What you need to do:
Copy everything in the listing below word for word, apart from any images.

== Input data

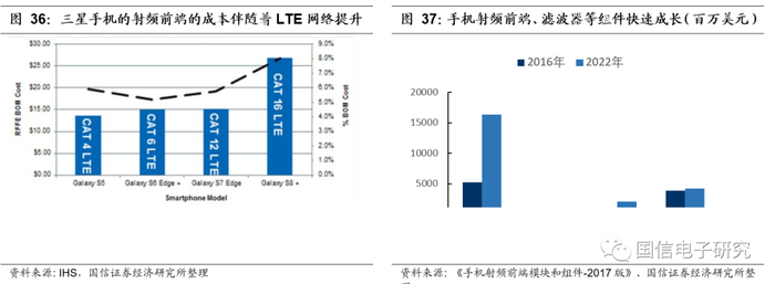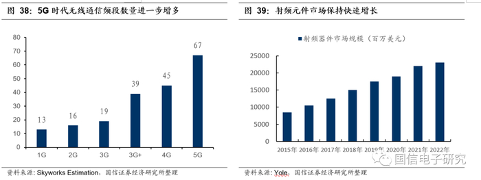 高频段促使射频元件结构升级。随着4G日渐成熟,5G越来越近,技术上而言,5G 通信的三大变化为:1、使用了更多的通讯频段;2、使用 MIMO 多天线技术;3、使用载波聚合技术。射频系统也需要做出相应变化。由于频率提高,射频元件与4G时代最大不同就是需要采用更高频电路。材料方面,采用传统Si材料的功率放大器的增益会随着频率的增加而大幅降低,不能满足5G高频通信的要求,GaAs及GaN在高频领域优势明显,有望成为5G时代主流功率放大器选择。射频前端总市场规模2022年有望达到227亿美元,复合增长率14%。
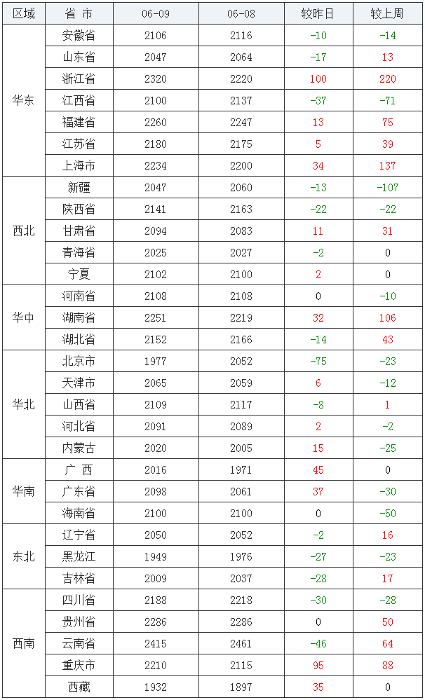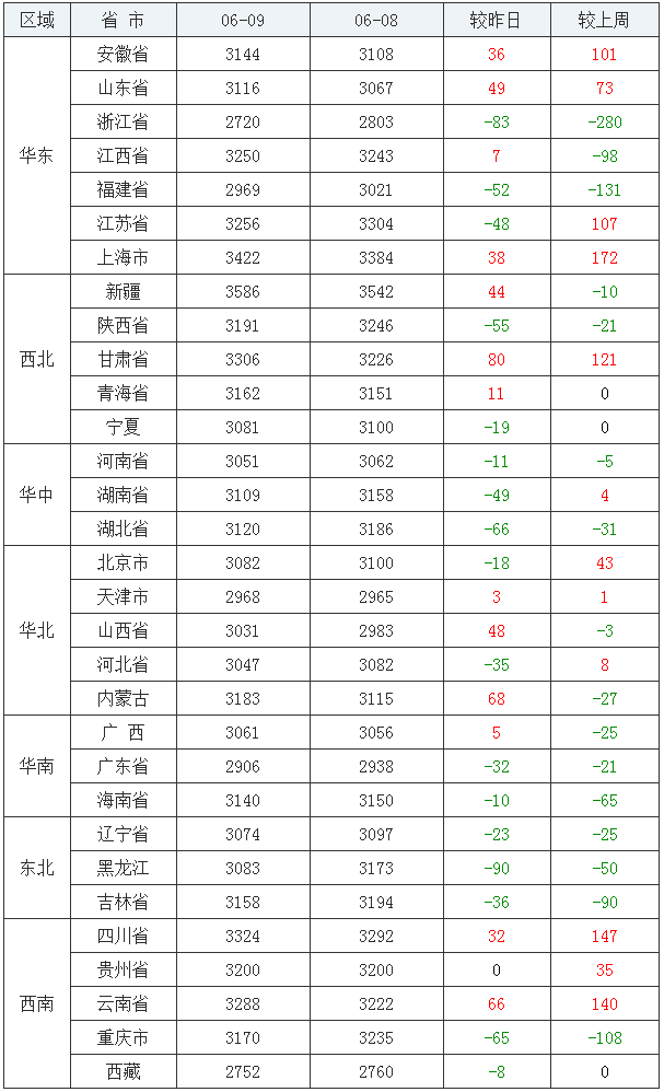 豆粕均价(饲料原料)后十:浙江省2720元/吨、西藏自治区2752元/吨、广东省2906元/吨、天津市2968元/吨、福建省2969元/吨、山西省3031元/吨、河北省3047元/吨、河南省3051元/吨、广西壮族自治区3061元/吨、辽宁省3074元/吨。
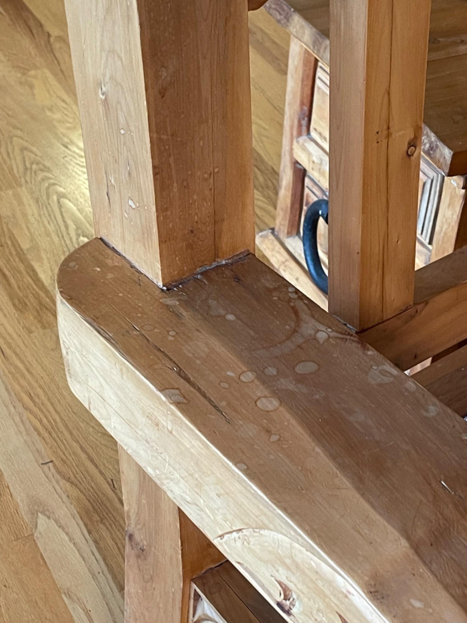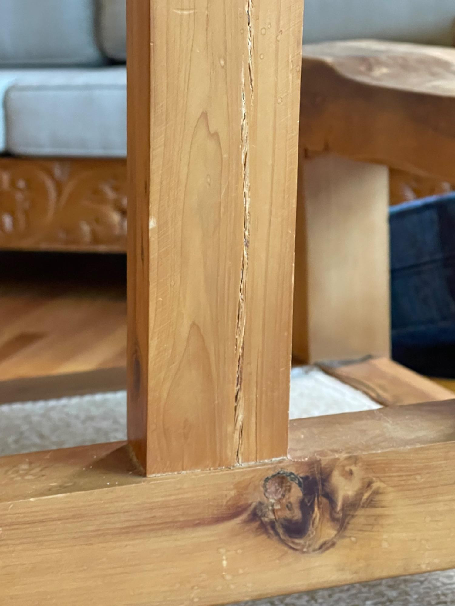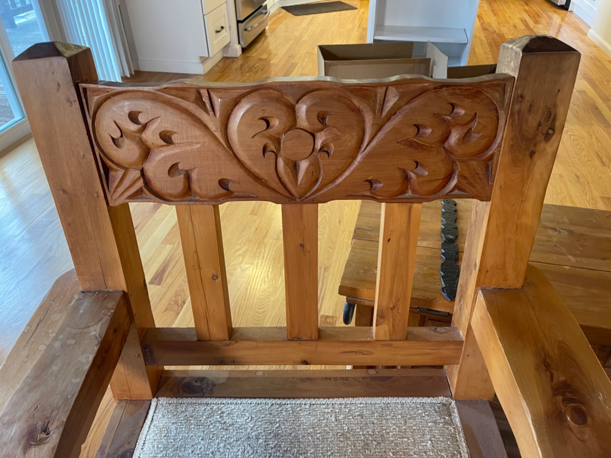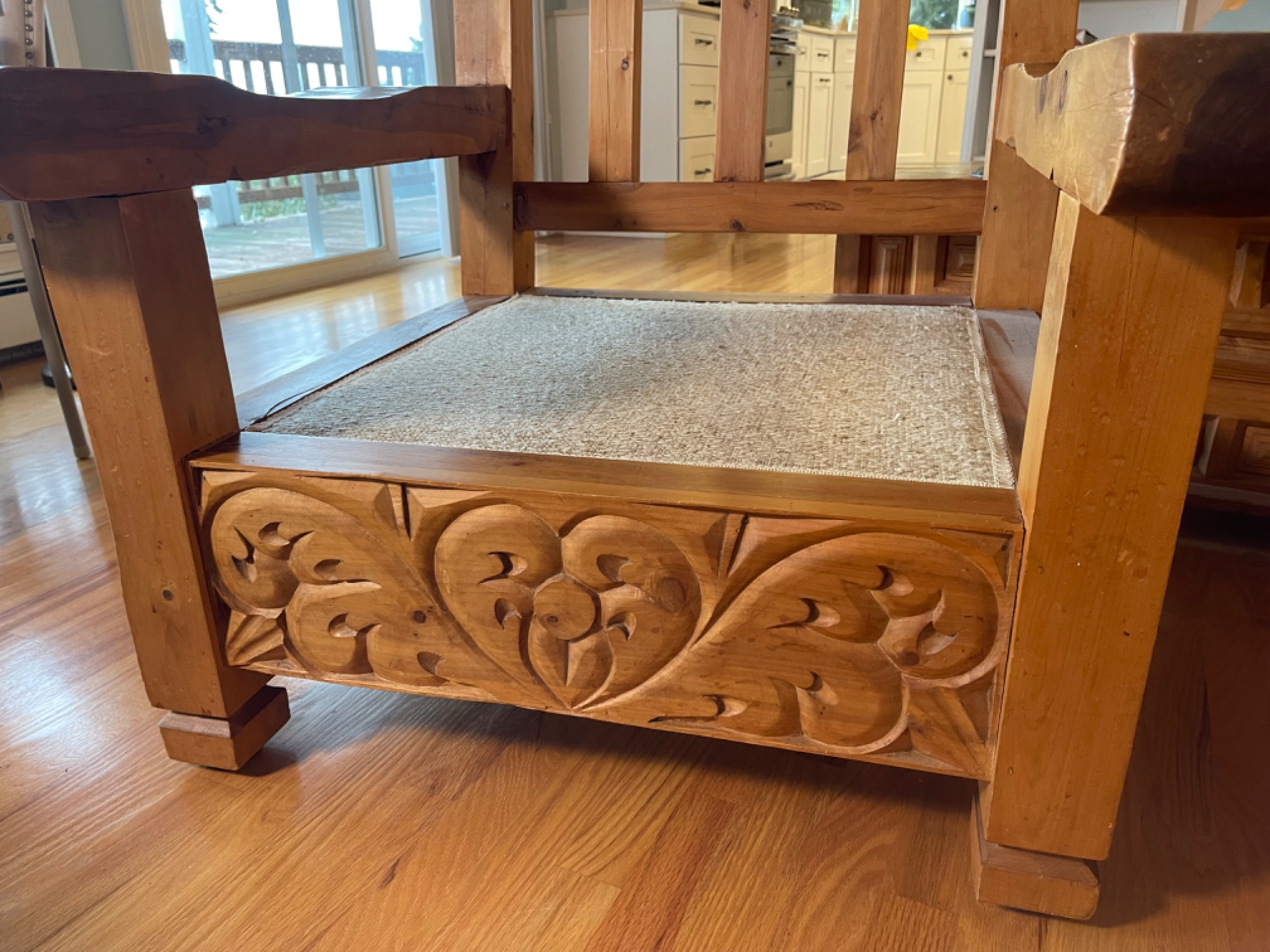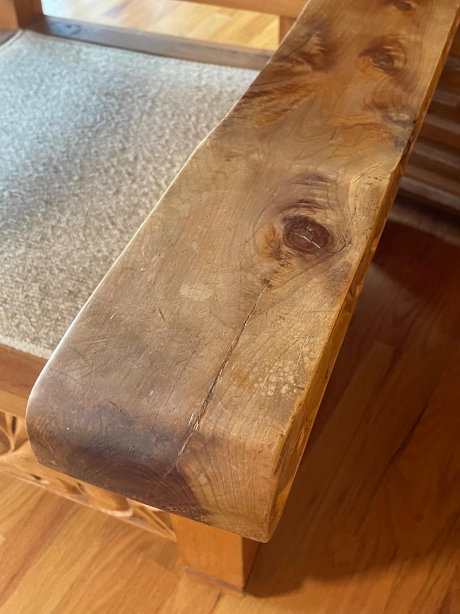 Vintage Hand Carved Solid Wood Chair From Mexico #1 This piece was brought up from Mexico and has passed through generations! There is some staining, scratches and splitting to wood from years of use. However, it is a well made piece that is holding together beautifully. Please see photos for proper representation of quality. Cushion is in good used condition.

====

Written solution:
 高频段促使射频元件结构升级。随着4G日渐成熟,5G越来越近,技术上而言,5G 通信的三大变化为:1、使用了更多的通讯频段;2、使用 MIMO 多天线技术;3、使用载波聚合技术。射频系统也需要做出相应变化。由于频率提高,射频元件与4G时代最大不同就是需要采用更高频电路。材料方面,采用传统Si材料的功率放大器的增益会随着频率的增加而大幅降低,不能满足5G高频通信的要求,GaAs及GaN在高频领域优势明显,有望成为5G时代主流功率放大器选择。射频前端总市场规模2022年有望达到227亿美元,复合增长率14%。
 豆粕均价(饲料原料)后十:浙江省2720元/吨、西藏自治区2752元/吨、广东省2906元/吨、天津市2968元/吨、福建省2969元/吨、山西省3031元/吨、河北省3047元/吨、河南省3051元/吨、广西壮族自治区3061元/吨、辽宁省3074元/吨。
 Vintage Hand Carved Solid Wood Chair From Mexico #1 This piece was brought up from Mexico and has passed through generations! There is some staining, scratches and splitting to wood from years of use. However, it is a well made piece that is holding together beautifully. Please see photos for proper representation of quality. Cushion is in good used condition.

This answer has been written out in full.